What is required – Return only the lines from the start of the records through the line that contains "馬刺17戰(zhàn)16勝", inclusive; leave out all pictures.

(Entries taken from a collection)
------------------------------------------------------------
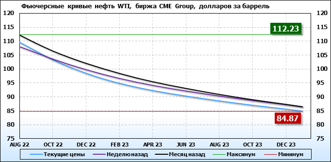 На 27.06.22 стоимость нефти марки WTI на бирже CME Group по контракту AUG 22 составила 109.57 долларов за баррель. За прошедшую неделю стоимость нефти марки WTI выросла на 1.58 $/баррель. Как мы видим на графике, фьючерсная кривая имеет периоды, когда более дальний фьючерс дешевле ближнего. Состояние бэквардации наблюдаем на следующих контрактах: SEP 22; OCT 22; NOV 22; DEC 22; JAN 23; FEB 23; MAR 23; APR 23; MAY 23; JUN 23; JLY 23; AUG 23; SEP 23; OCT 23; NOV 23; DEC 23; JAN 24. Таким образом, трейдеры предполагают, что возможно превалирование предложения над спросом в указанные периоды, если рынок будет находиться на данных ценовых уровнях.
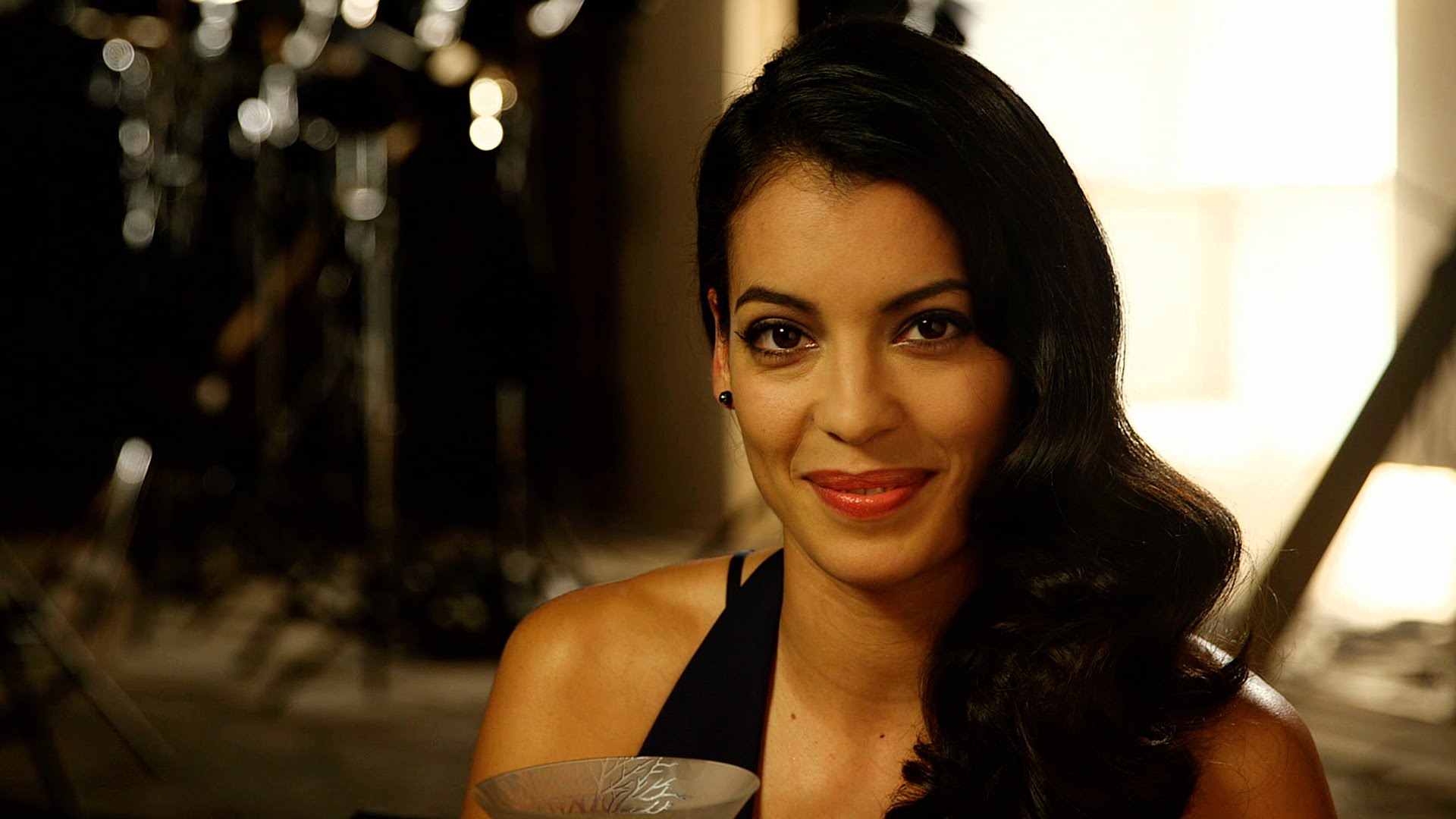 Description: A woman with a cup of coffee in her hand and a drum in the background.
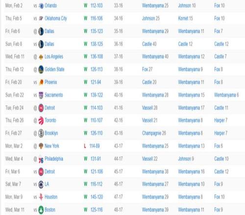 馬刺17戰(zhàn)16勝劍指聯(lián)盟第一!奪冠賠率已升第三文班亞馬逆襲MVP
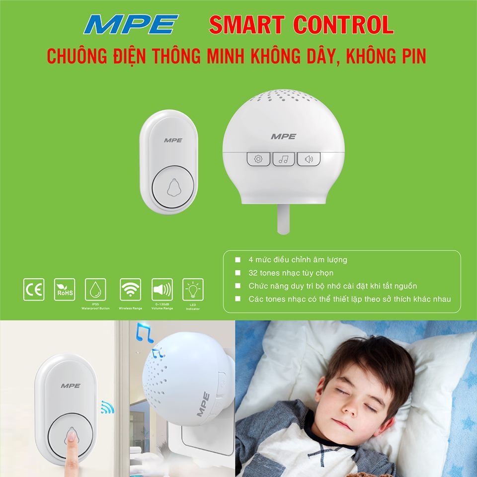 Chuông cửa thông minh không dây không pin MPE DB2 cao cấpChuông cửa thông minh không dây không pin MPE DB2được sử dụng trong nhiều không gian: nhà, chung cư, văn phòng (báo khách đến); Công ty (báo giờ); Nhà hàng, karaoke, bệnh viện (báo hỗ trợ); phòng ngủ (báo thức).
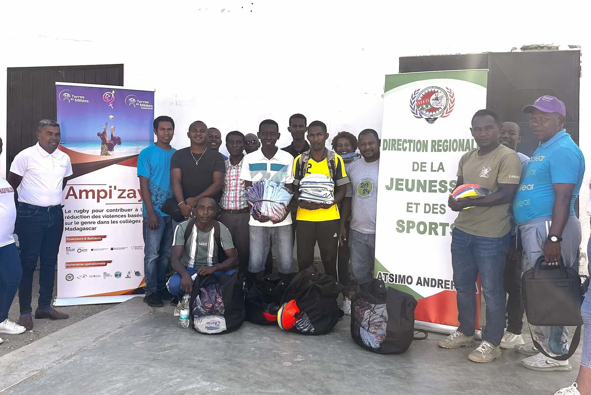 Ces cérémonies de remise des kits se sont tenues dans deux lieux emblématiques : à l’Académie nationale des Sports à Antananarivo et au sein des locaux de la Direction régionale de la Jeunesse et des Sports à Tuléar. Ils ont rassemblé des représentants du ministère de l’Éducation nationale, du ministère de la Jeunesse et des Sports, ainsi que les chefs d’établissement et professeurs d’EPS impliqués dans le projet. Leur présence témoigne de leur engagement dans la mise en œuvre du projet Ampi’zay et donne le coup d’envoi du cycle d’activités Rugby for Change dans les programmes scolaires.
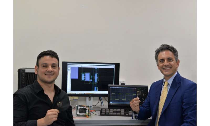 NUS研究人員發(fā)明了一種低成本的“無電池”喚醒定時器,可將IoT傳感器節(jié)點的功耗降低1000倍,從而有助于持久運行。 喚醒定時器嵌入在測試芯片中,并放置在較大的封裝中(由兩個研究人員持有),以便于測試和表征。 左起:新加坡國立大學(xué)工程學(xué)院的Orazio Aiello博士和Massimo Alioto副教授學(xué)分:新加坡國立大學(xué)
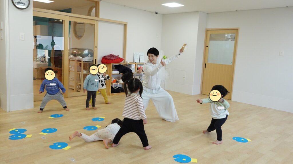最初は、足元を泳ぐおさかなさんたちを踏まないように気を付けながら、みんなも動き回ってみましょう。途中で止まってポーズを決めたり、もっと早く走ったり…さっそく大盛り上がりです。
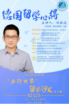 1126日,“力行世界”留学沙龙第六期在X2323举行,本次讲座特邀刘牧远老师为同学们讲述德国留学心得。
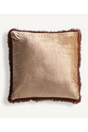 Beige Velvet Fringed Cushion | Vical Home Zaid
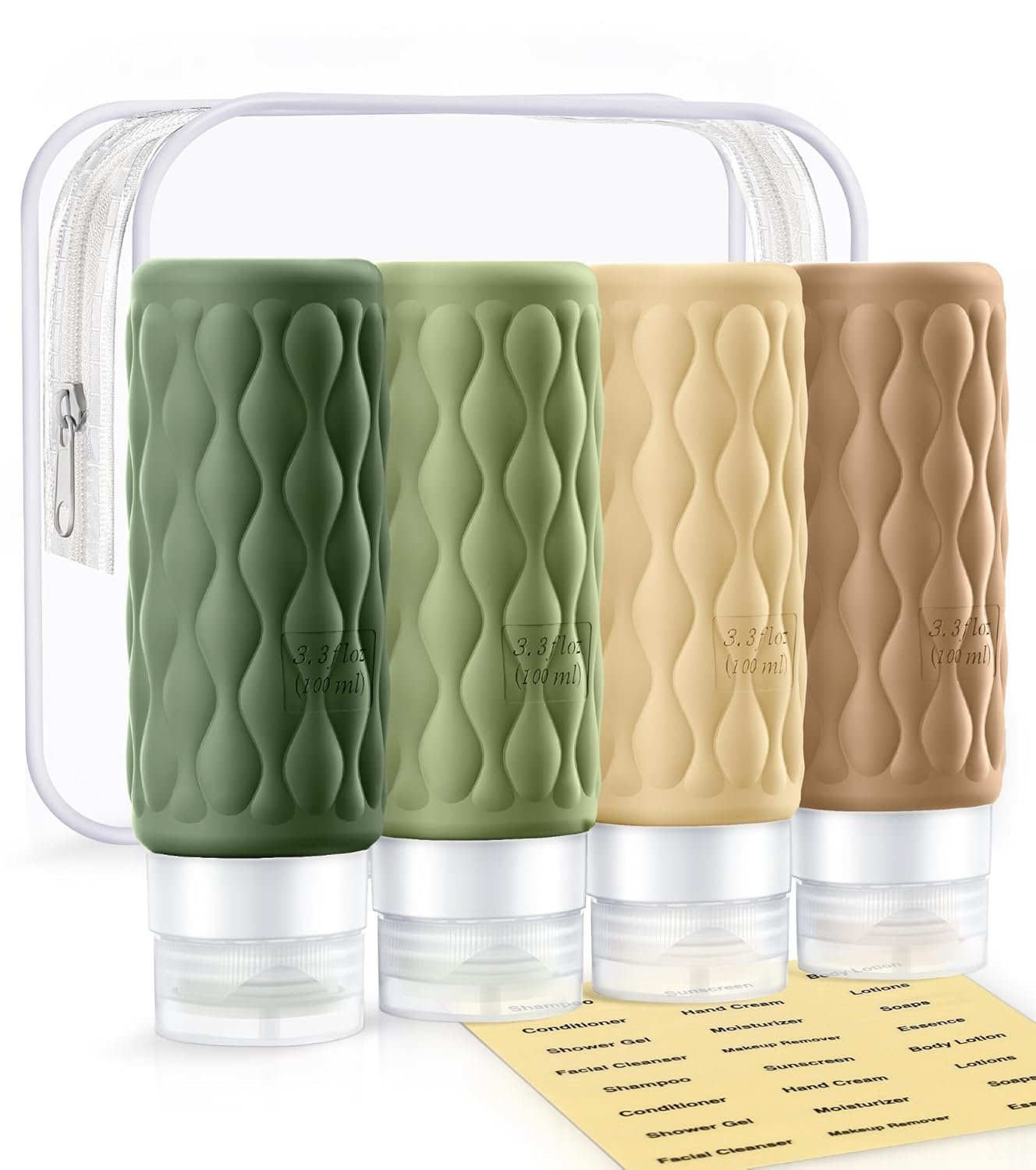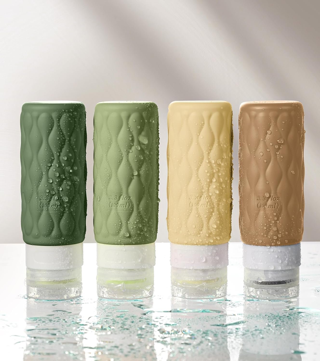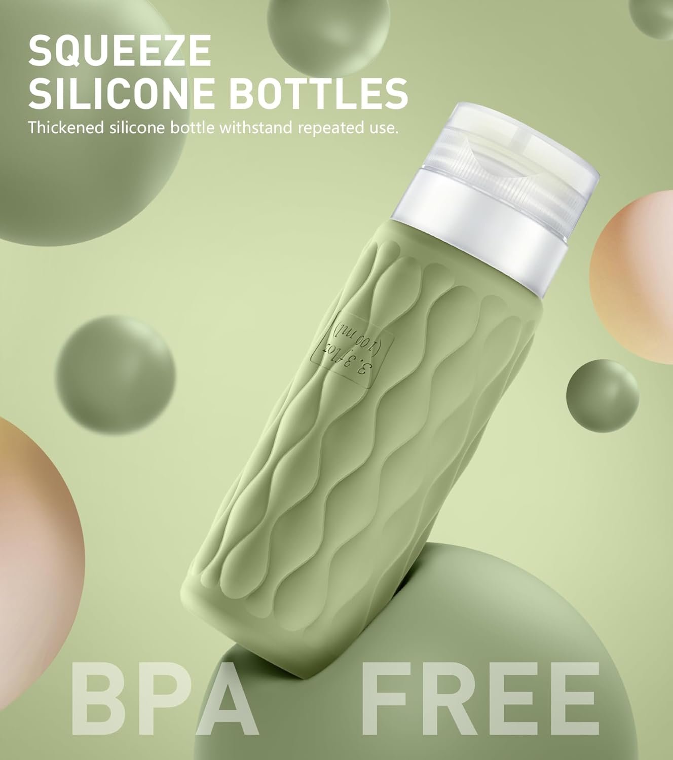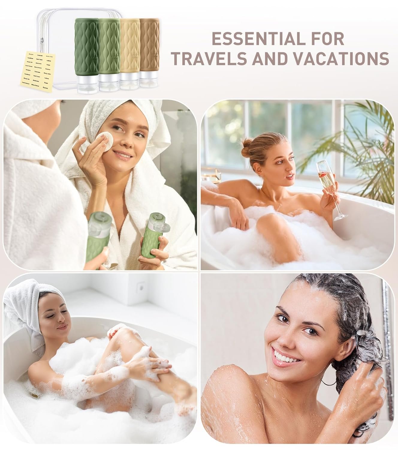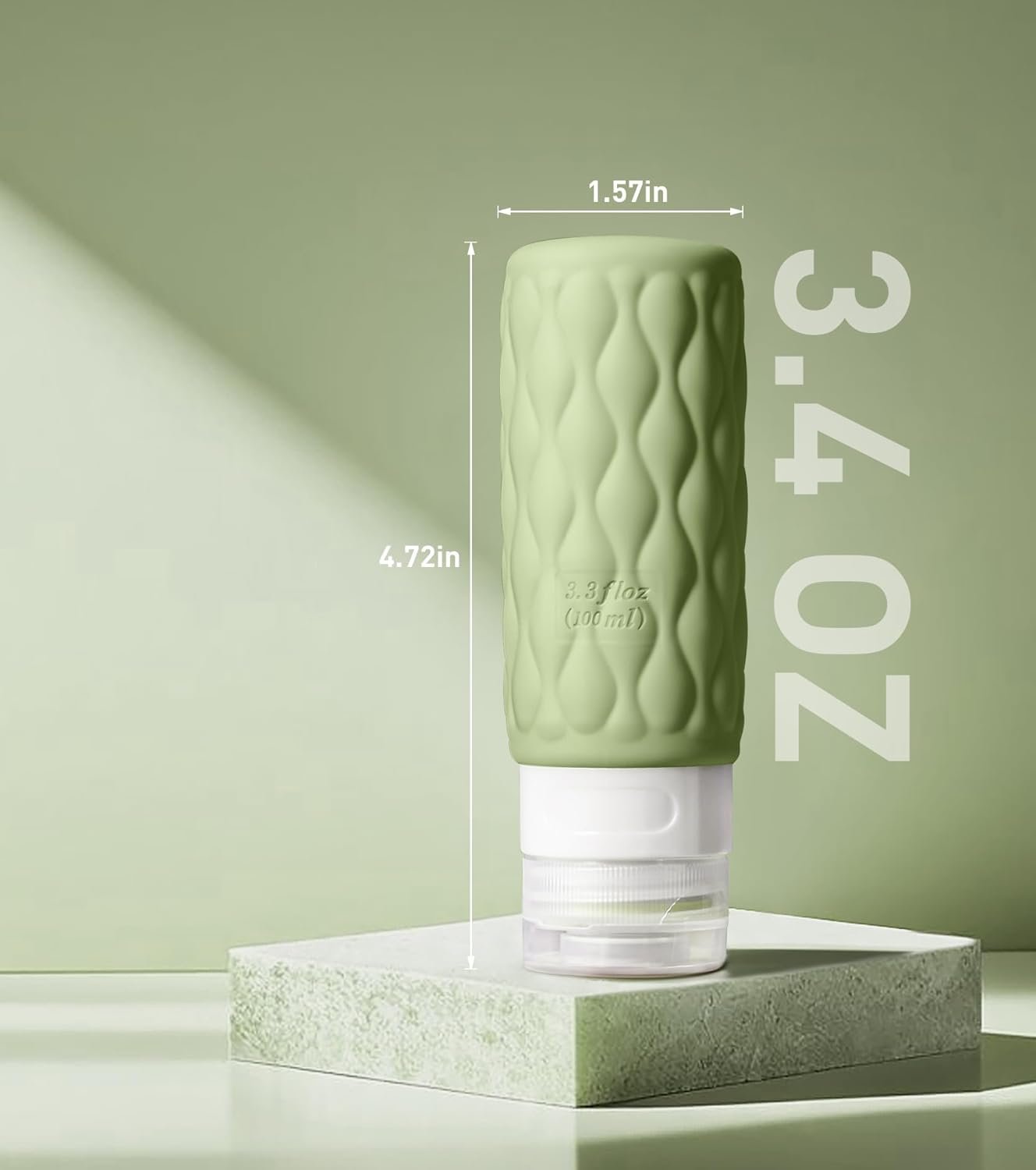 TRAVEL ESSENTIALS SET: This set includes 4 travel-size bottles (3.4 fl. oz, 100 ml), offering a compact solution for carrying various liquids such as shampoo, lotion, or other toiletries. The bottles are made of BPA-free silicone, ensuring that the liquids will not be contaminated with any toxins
------------------------------------------------------------
The completed task –
 На 27.06.22 стоимость нефти марки WTI на бирже CME Group по контракту AUG 22 составила 109.57 долларов за баррель. За прошедшую неделю стоимость нефти марки WTI выросла на 1.58 $/баррель. Как мы видим на графике, фьючерсная кривая имеет периоды, когда более дальний фьючерс дешевле ближнего. Состояние бэквардации наблюдаем на следующих контрактах: SEP 22; OCT 22; NOV 22; DEC 22; JAN 23; FEB 23; MAR 23; APR 23; MAY 23; JUN 23; JLY 23; AUG 23; SEP 23; OCT 23; NOV 23; DEC 23; JAN 24. Таким образом, трейдеры предполагают, что возможно превалирование предложения над спросом в указанные периоды, если рынок будет находиться на данных ценовых уровнях.
 Description: A woman with a cup of coffee in her hand and a drum in the background.
 馬刺17戰(zhàn)16勝劍指聯(lián)盟第一!奪冠賠率已升第三文班亞馬逆襲MVP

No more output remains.